Exercise objective>
Could you set down the lines from the first line of the entries below through the line with "Esponjas Jabonosas Begobaño", exactly and with no pictures?

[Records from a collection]
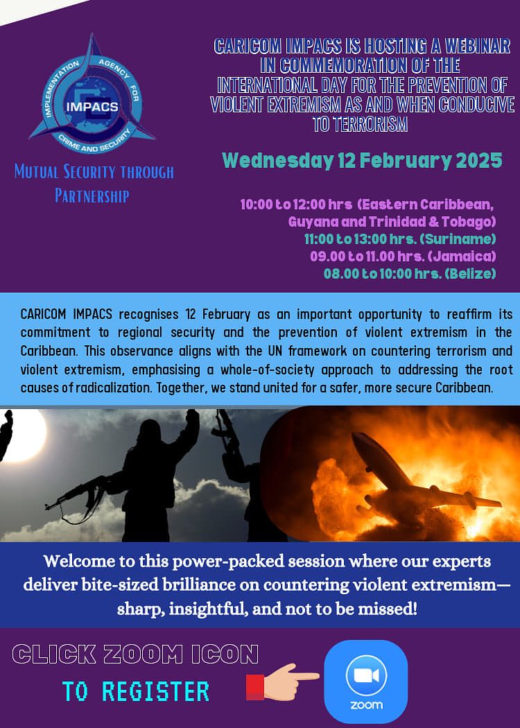 Commemoration of the International Day for the Prevention of Violent Extremism as and when Conductive to Terrorism on the topic Best Practices in Countering Radicalization and Empowering At-Risk Communities. Organized by CARICOM IMPACS, February 12th, 2025.
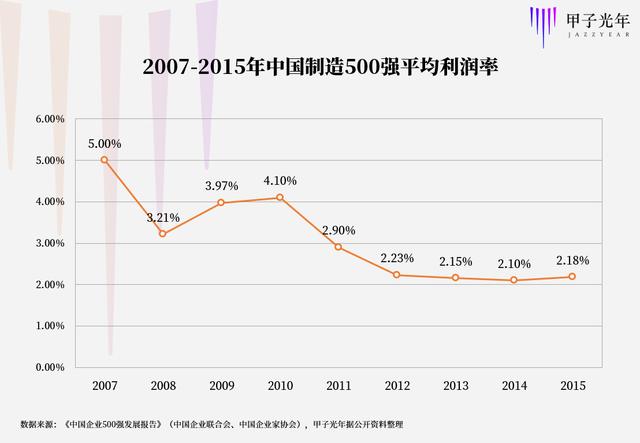 中国制造业500强的利润率已从2010年5%的高位,跌到了近年的2%左右。
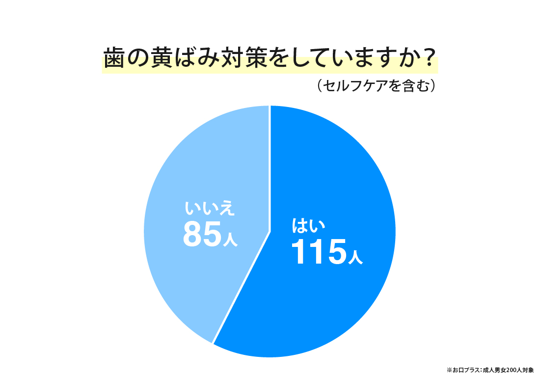 成人男女200人に対し、「歯の黄ばみ対策をしていますか?」というアンケートを実施しました。
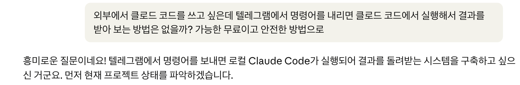 외부에서는 클로드 코드 실행을 못하는데 텔레그램이랑 연동하면 되겠구나!
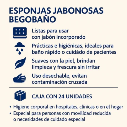 Esponjas Jabonosas Begobaño ofrecen una limpieza práctica y eficiente gracias a su jabón integrado. Su diseño ergonómico y suave permite una protección delicada de la piel, ideal para todo tipo de piel, incluso las más sensibles. Son perfectas para el uso diario en la ducha o bañera, proporcionando comodidad sin necesidad de añadir jabón adicional. El paquete de 24 unidades asegura un suministro prolongado y económico para toda la familia.
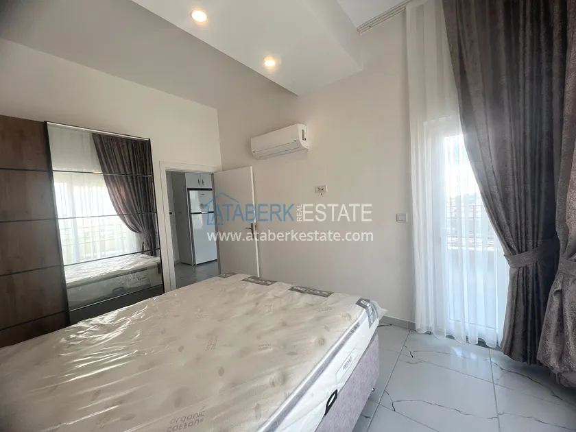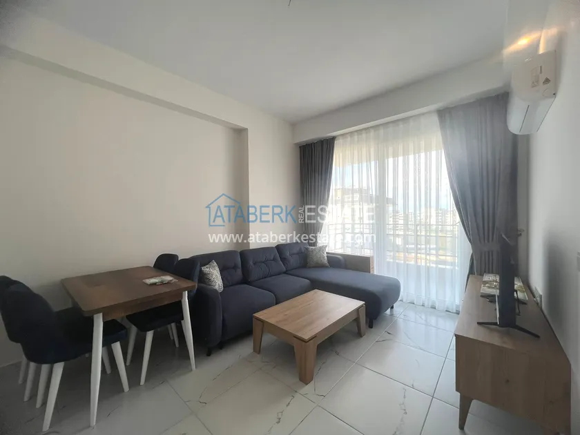 Апартаменты планировки 1+1 предлагают вам отдельную спальню, полностью оборудованную кухню, которая гармонично соединена с гостиной, а также отдельную ванную комнату с душевой кабиной и балкон с частичным видом на море. Апартаменты расположены на 8 этаже и оснащены всем необходимым для вашего пребывания.
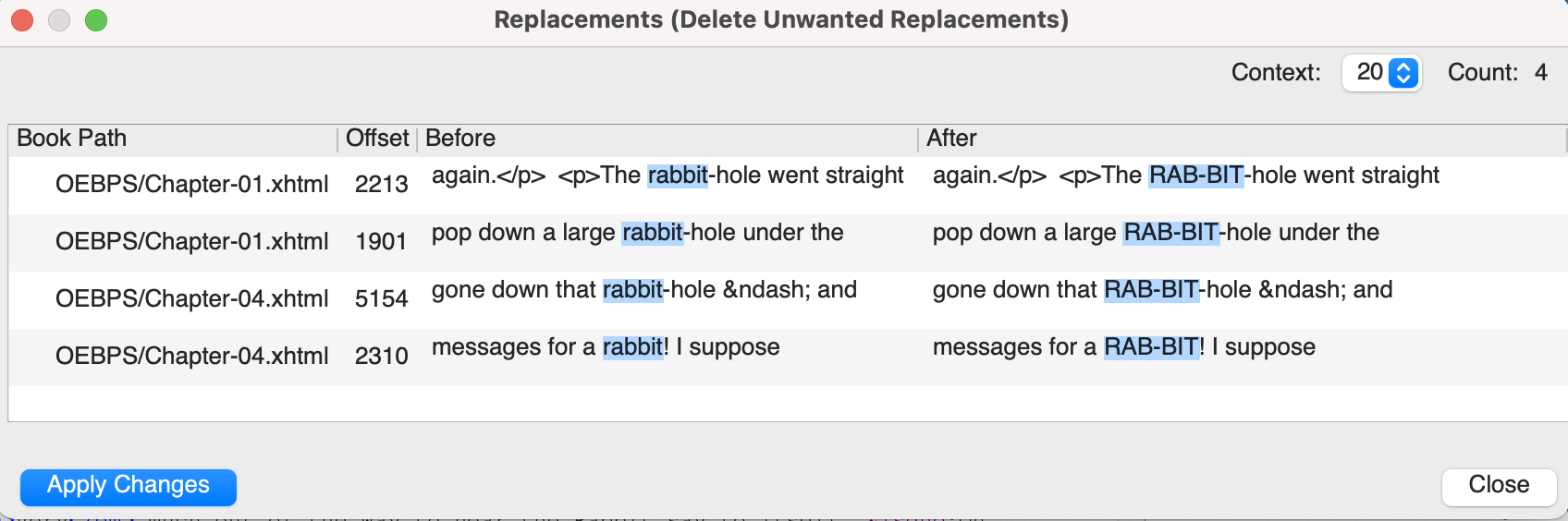 To conserve screen real-estate for those users still using lower resolution monitors and laptops, we redesigned the Find Replace dialog to minimize its width as that in turn determines the minimum width of CodeView and the resulting width of the main window. This involved moving the advanced Regex options into their own menu, replacing the text based buttons with universal icons, and re-ordering rows. In many languages the old text based buttons and advanced options names took up considerable and precious space. This change to use icons on buttons in turn freed up enough space to allow a new "Text" checkbox be added that when checked will limit the search to text outside of xhtml tags (one of our heavily requested features). See Attached: FindReplace-Dialog.png The screenshot above shows the new layout with the new Text checkbox. The next image shows how to access the Advanced Regex checkable menu options: See Attached: FindReplace-Adv-Options.png The meaning of each new icon is explained below. In addition, the way to launch two new additional FindReplace tools: "Dry-Run Replace All" and the "Filter Replacements" are also shown. Tooltips have been fully updated in case the user ever has any doubts. Filter Replacements (Delete Unwanted Matches) This tool helps users use Find and Replace All more effectively. It lists all of the matches found in context and shows their replacement in that same context. The amount of context both before and after a match (in characters) can be controlled by the user. See Attached: Filter Replacements.png If the user sees a match that is unwanted - i.e. they do not want that replacement to be made, they can select that match's row in the table and use the delete key or select delete on the pop-up menu to remove it. When all unwanted matches have been found and deleted, the user can then use the "Apply Changes" button to have just the changes remaining in the table made. This tool can by launched by Shift clicking on the Replace-All button. Dry-Run Replace All Often when crafting regular expression for Find and Replace, it is difficult to know if your find string will properly detect the cases you want while excluding the cases you do not want. This table shows the results of a trial dry-run of your current find and replace terms in context. No actual replacements/changes are ever made. Similar to the earlier dialog, the amount of context both before and after a match (in characters) can be controlled by the user. This tool can by launched by Shift clicking on the Count-All button. See Attached: Dry-Run-Replace-Dialog.png This allows the user to safely experiment with their search terms to see which if any would be most effective. Any row in the table can be double-clicked and the exact context for that particular match will be brought up in CodeView for the user to examine in more detail or to edit. This way a user can verify that a find replace all sequence will do exactly what they expect it to do. If the user makes changes to the underlying text that will impact the table, the user can click on the "Refresh" button at any time to force the table to be rebuilt. Notes Before anyone gets in an uproar over these changes, please note that these buttons are svg files that can be completely replaced and controlled by the user by using their own Sigil custom theme. This includes the ability to put back the buttons using text inside the svg for their chosen language. See Sigil IconThemes repo on GitHub for details on how to custom theme the icons used by Sigil. Versions of these icons suitable for those who prefer the fluent or material themes have already been made and included. Special Thanks A very special **Thank You** goes to our own BeckyEbook for designing and creating all of these new icons in versions suitable for main, fluent, and material themes and donating them to Sigil. Her many and varied contributions to Sigil has helped Sigil immensely and is greatly appreciated. Also a big "Thank You" goes to our own Doitsu for all of his testing and feedback of these interface changes. Last edited by KevinH; 05-05-2022 at 10:44 AM. Reason: minor fixups |
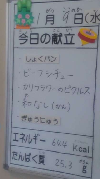 1月9日(水曜)の給食
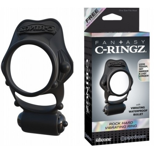 Двойное эрекционное кольцо с вибрацией Fantasy C-Ringz Rock Hard Vibrating Ring хорошо тянется, легко одевается и обеспечивает продолжительный половой акт.
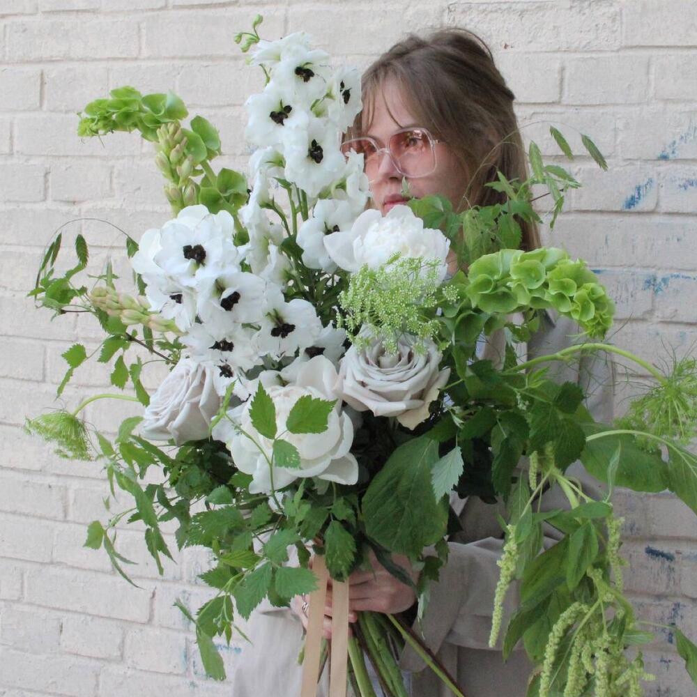 дельфиниумом – 3 шт.Амарант – 1 шт.ирландский колокольчик – 2 шт.Ветки малины – 4 шт.Тубероза – 2 шт.Роза Мента – 2 шт.Пион – 3 шт.Амми – 3 шт.Фисташка – 3 шт.Лента атласная – 1 шт.
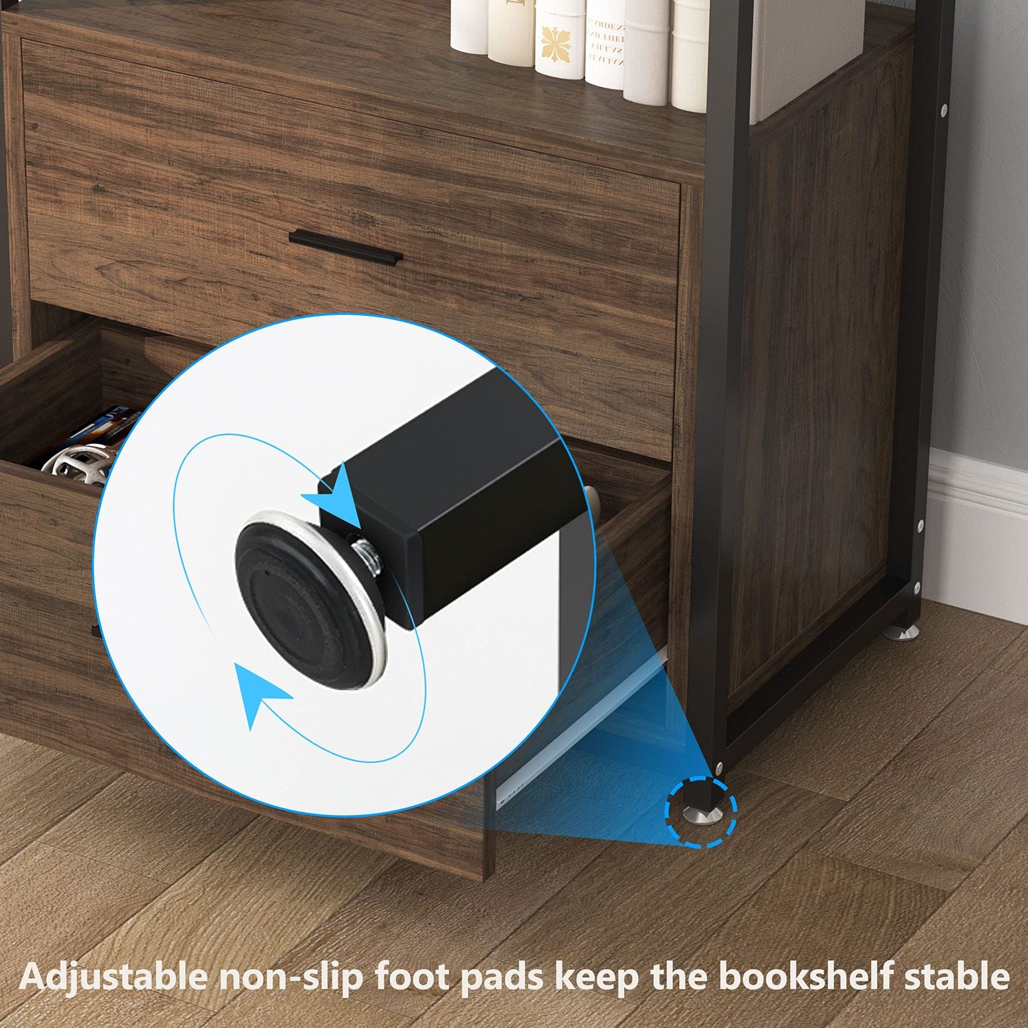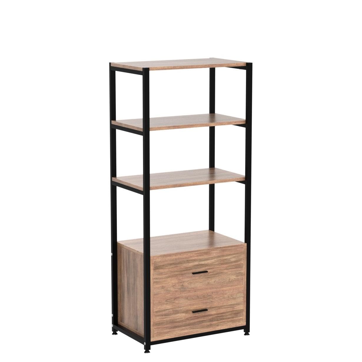 Elevate your home with the Rustic Industrial Etagere Bookcase with Drawers by Tribesigns, where practicality meets style, creating the ideal blend for modern living.

Exercise output>
 Commemoration of the International Day for the Prevention of Violent Extremism as and when Conductive to Terrorism on the topic Best Practices in Countering Radicalization and Empowering At-Risk Communities. Organized by CARICOM IMPACS, February 12th, 2025.
 中国制造业500强的利润率已从2010年5%的高位,跌到了近年的2%左右。
 成人男女200人に対し、「歯の黄ばみ対策をしていますか?」というアンケートを実施しました。
 외부에서는 클로드 코드 실행을 못하는데 텔레그램이랑 연동하면 되겠구나!
 Esponjas Jabonosas Begobaño ofrecen una limpieza práctica y eficiente gracias a su jabón integrado. Su diseño ergonómico y suave permite una protección delicada de la piel, ideal para todo tipo de piel, incluso las más sensibles. Son perfectas para el uso diario en la ducha o bañera, proporcionando comodidad sin necesidad de añadir jabón adicional. El paquete de 24 unidades asegura un suministro prolongado y económico para toda la familia.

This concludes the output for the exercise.